A global pandemic, a sinking economy, attempts to overturn the U.S. presidential election, racially-motivated police brutality culminating in the Black Lives Matter movement: 2020 was indeed a “year of multiple colliding crises,” as historian Erika Lee describes in the trailer for June Beallor’s “2020 Chaos and Hope.”
A retrospective on one of the most turbulent years of our lifetimes, the doc revisits 2020 through the diverse perspectives of frontline workers, activists, scientists, and politicians, among others. “2020 Chaos and Hope” includes interviews with experts including emergency medicine doctor Kamini Doobay, author and historian Heather Cox Richardson, researcher Joan Donovan, and President Biden’s chief medical advisor, Dr. Anthony S. Fauci.

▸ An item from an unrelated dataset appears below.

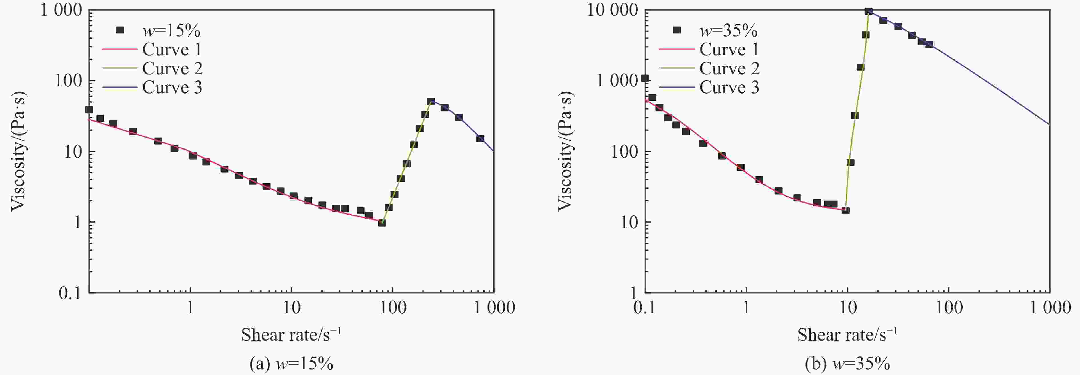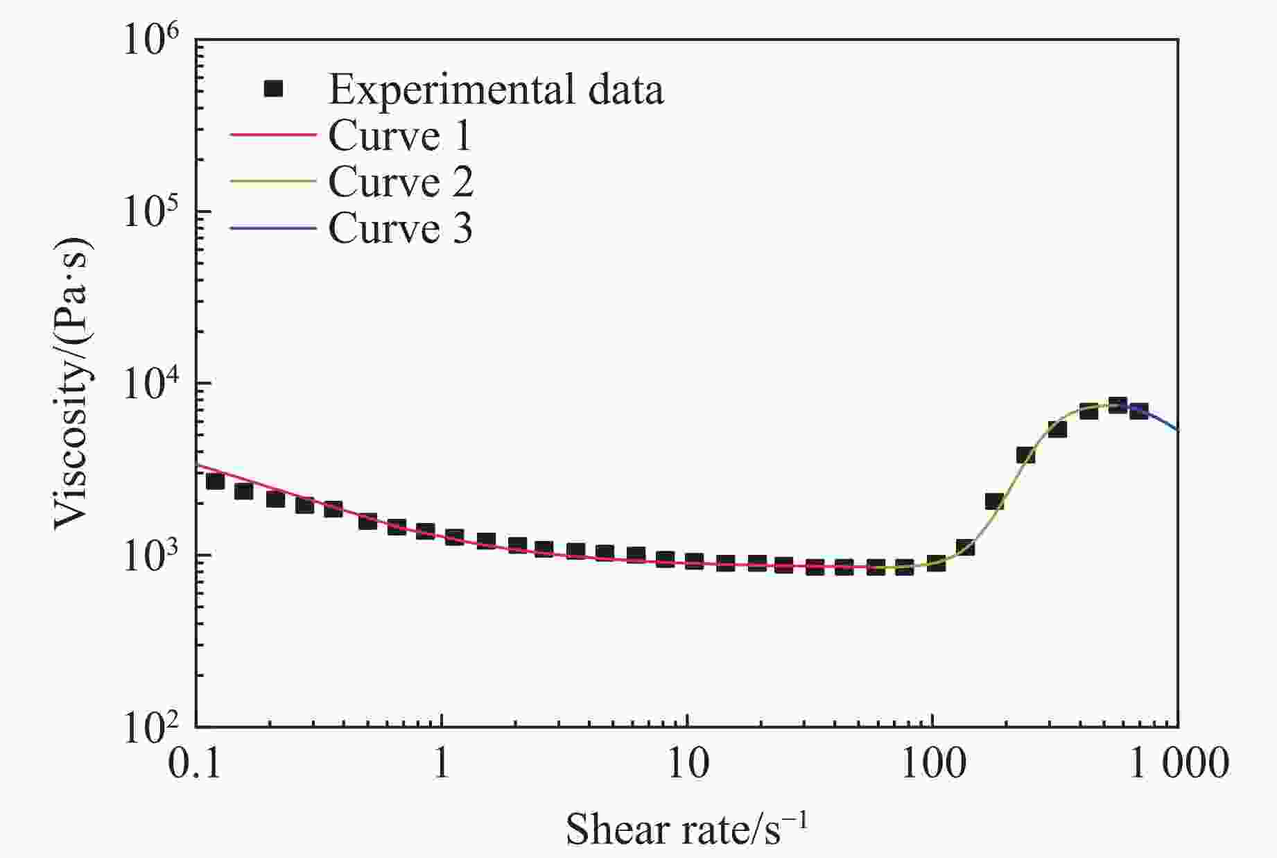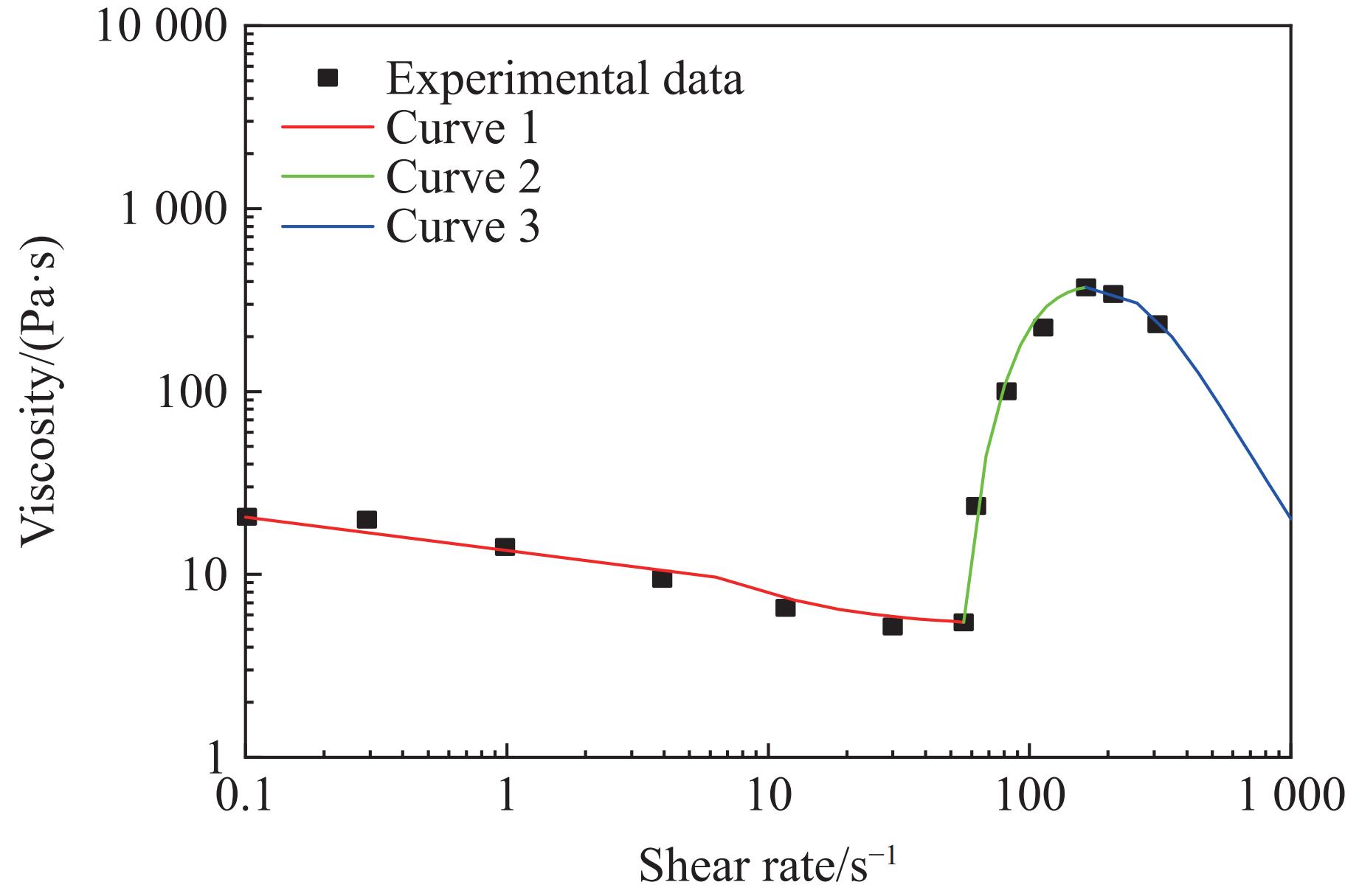 ${\eta _0}/({\rm{Pa}} \cdot {\rm{s}})$ ${\eta _{\rm{c}}}/({\rm{Pa}} \cdot{\rm{ s}})$ ${\eta _{\rm{max}}}/({\rm{Pa}} \cdot{\rm{ s}})$ ${\dot \gamma _{\rm{c}}}$/s−1 ${\dot \gamma _{\rm{max}}}$/s−1 KⅠ KⅡ KⅢ nⅠ nⅡ nⅢ 2845 852 7449 58.808 570.207 − 20000 −0.006 0.0012 0.47 1.7 1.4 -

“So many things are changing at once,” Professor Deva Woodly emphasizes in the trailer. “The outcomes of the struggles are going to set the tone for the rest of the century.”

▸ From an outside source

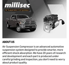 #3000 Air Suspension Compressor Pump Suitable for 2014-2022 Ram 2500, Ram 3500 Car Air Compressor OE Replaces# P3480, 68239571AB, 4154030010, 4154039012 Brand MILLISEC Voltage 12 Volts Recommended Uses For Product Air Brushing Power Source Corded Electric Noise Level 12 Decibels Item Weight 4.2 Kilograms EXEMPLARY QUALITY: Our air ride suspension compressors pump typically have high inflation speeds and accuracy. This allows you to quickly and easily adjust suspension height and stiffness to suit different road conditions and load demands. FUNCTIONALITY: A car air suspension compressor pump is primarily used to supply air to your air springs to maintain their support and shock absorbing ability. COMPATIBLE VEHICLE MODELS: Air suspension compressor suitable for the following vehicle models 2014-2022 Ram 2500 and 2014-2022 Ram 3500 car air suspensions. OEM REPLACEMENT NUMBER: P3480, 68239571AB, 68239571AA, 68349607AA, 4154030010, 4154039012.Each Air suspension bags is thoroughly tested to make sure 100% OE fit. To avoid buying mistakes please check the OE and model list carefully before order. QUALITY SERVICE: We offer excellent customer service and are ready to help with any questions or concerns throughout the purchase and use process. In addition, our products are backed by a 365-day warranty for added peace of mind.

Described as a “comprehensive time capsule of the year 2020,” the doc higlights the battle over information that erupted in multiple social and political arenas, including conspiracy theories around the COVID-19 virus’s origins and the Biden-Trump battle for presidency. “Facebook, Twitter, YouTube, TikTok: our sense of reality has gotten very distorted,” the trailer tells us.
As the film’s title suggests, however, the mayhem of 2020 was met with the humanity of citizens in even greater ferocity, manifested in the grassroots movements, mutual aid, and community that emerged amid the adversity.
A four-time Emmy nominee, Beallor took home the honor for Outstanding Informational Special in 1996 for producing “Survivors of the Holocaust,” a doc following personal accounts of Jewish folks before, during, and after WWII.
“2020 Chaos and Hope” premieres in Los Angeles at the Laemmle Monica Film Center November 23.